Consider first the limitations of infrastructure investments. Longtermist timescales potentially span millions of years. Changing geopolitics, plate tectonics, and human needs mean that it is nigh impossible to predict what infrastructure will remain useful over time. Worse, obsolete infrastructure cannot simply be ignored but often requires significant effort and resources to remove, potentially creating net negative value. Historical examples abound. An example from my own research: Roman forts in Syria were once integral to the Silk Road, but eventually faded into such obscurity that many weren't rediscovered until decades after we invented satellites. Their construction would have seemed logical in the 2nd century AD—they developed advanced economies, accelerated global trade, etc.—but would have been an exceptionally poor longtermist intervention.
Interventions that improve cultural capacity or institutional alignment are similarly fragile over extended periods. Sophisticated knowledge requiring coordination is vulnerable to major societal disruptions, even when it's highly valuable. Consider the loss of techniques for creating Roman concrete and Damascus steel, despite their obvious usefulness. Likewise, institutional alignment is vulnerable to many catastrophes, geopolitical and otherwise. For example, a longtermist in the Qing Dynasty promoting better institutions would likely have seen her efforts rendered irrelevant by subsequent political upheavals.
Information demonstrates superior robustness compared to these alternatives. A single genome sequence can be copied across multiple continents, storage media, and institutional repositories at negligible marginal cost. Destroying every copy requires coordinated global effort, while preserving the information requires only that one copy survives. This asymmetry between destruction and preservation costs creates enormous robustness advantages. Even large-scale global catastrophes might spare information while devastating physical infrastructure and institutions.

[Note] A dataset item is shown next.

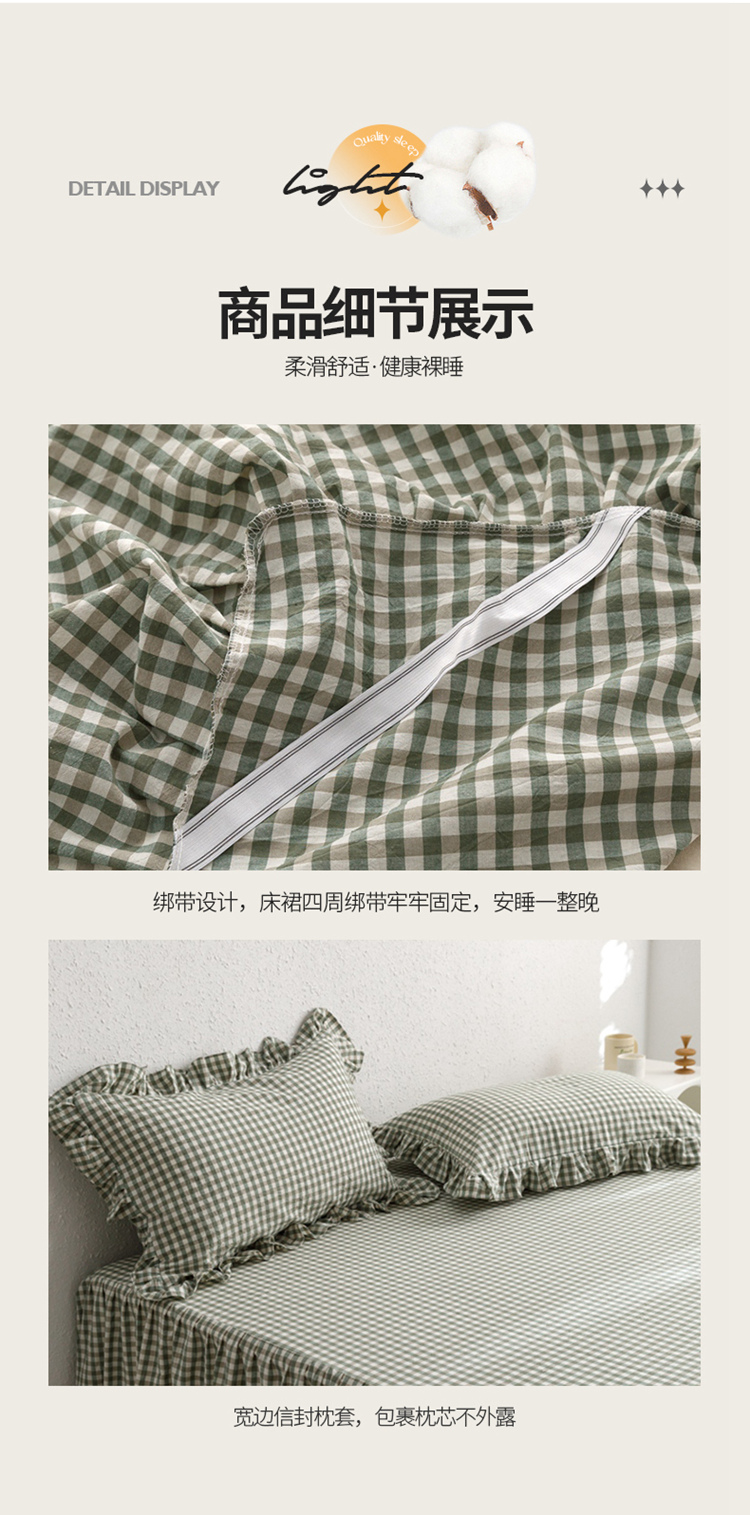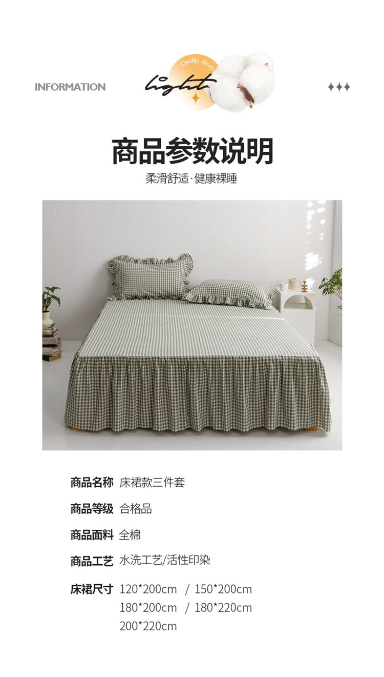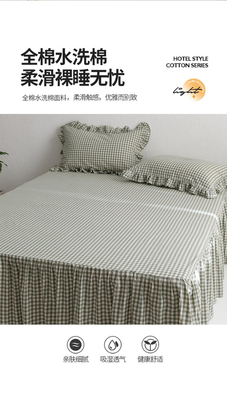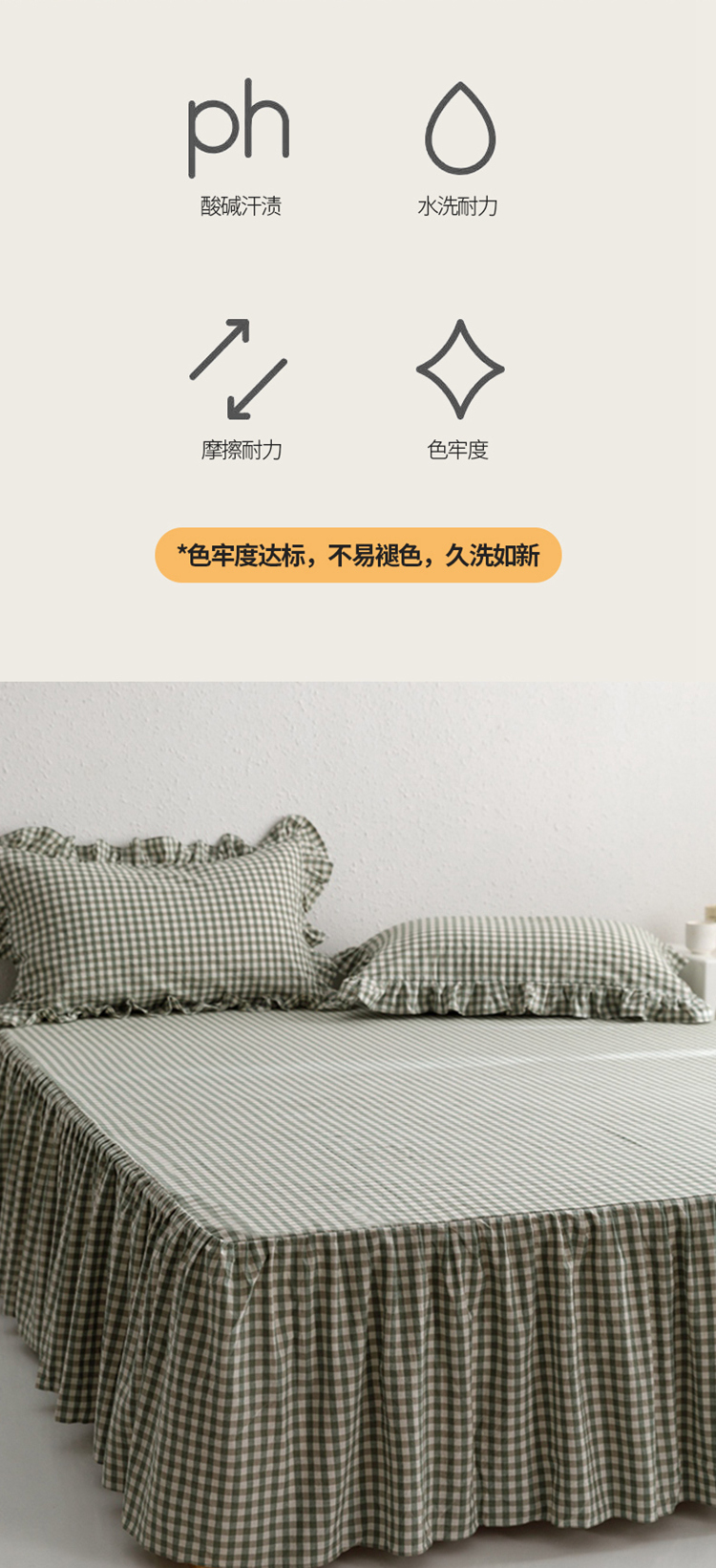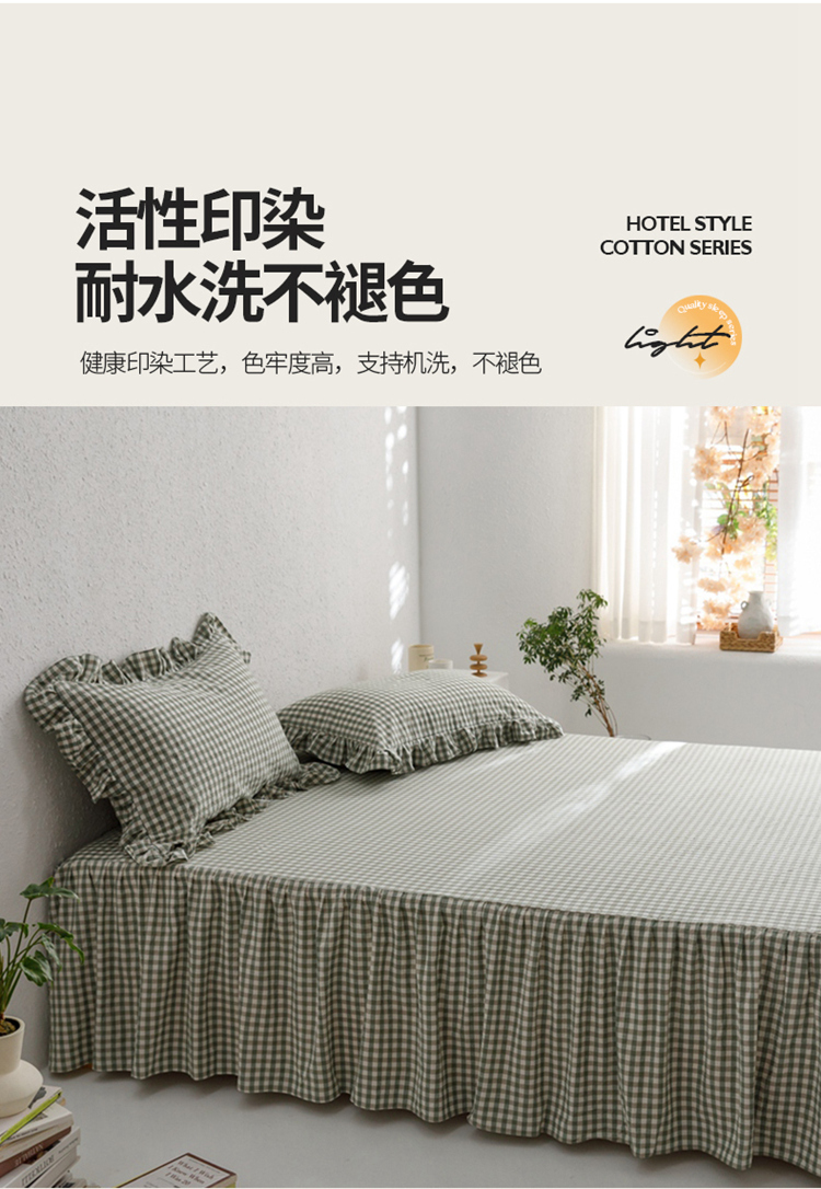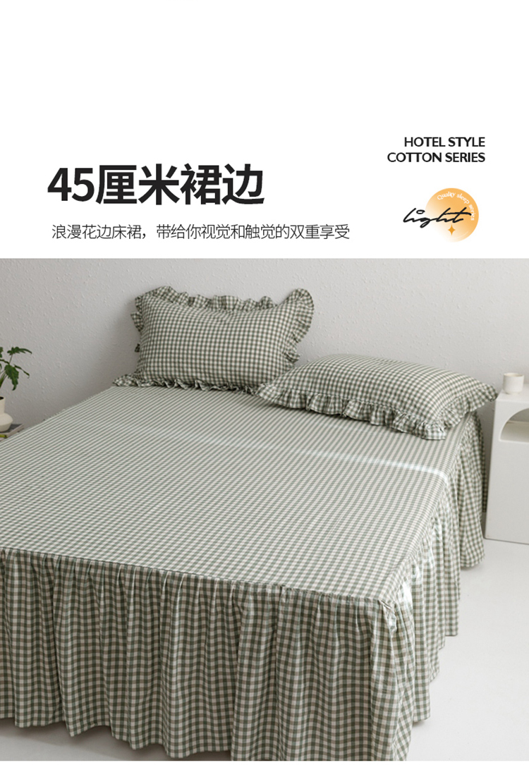 商品名称:忘忧草 2023新款全棉色织水洗棉床裙纯棉格子 雅尚-绿小格

Consider extreme scenarios: even a pandemic eliminating 99% of the global population would likely leave most digital information intact in storage systems. With modest efforts to create secure information repositories—already undertaken for much of the world's critical data—vast collections could survive devastating meteors, volcanic events, or other natural disasters. Information storage is remarkably resilient.
The format independence of information provides additional advantages over physical alternatives. While specific storage media become obsolete, underlying information can migrate across technological platforms. From paper to digital, or in a theoretical future where we store data via quantum methods or DNA, the informational content would persist across media. This adaptability contrasts sharply with physical infrastructure locked into particular technological paradigms that may become entirely obsolete.
Finally, information preservation creates substantial option value for future civilizations. Current generations cannot predict which documented species, languages, or cultures will prove most valuable or interesting to future researchers, but preserved information remains available for discovery and application regardless. This differs fundamentally from infrastructure investments that require bets on specific future needs, or institution-building programs that assume particular requirements will persist across cosmic timescales.
Why preserved information generates utility.
The question of what constitutes value (and how to measure it) has occupied moral philosophers for millennia. Rather than rehearse these debates or adopt strong positions on controversial assumptions, I will proceed with a deliberately modest approach that tries to avoid the most contentious theoretical terrain.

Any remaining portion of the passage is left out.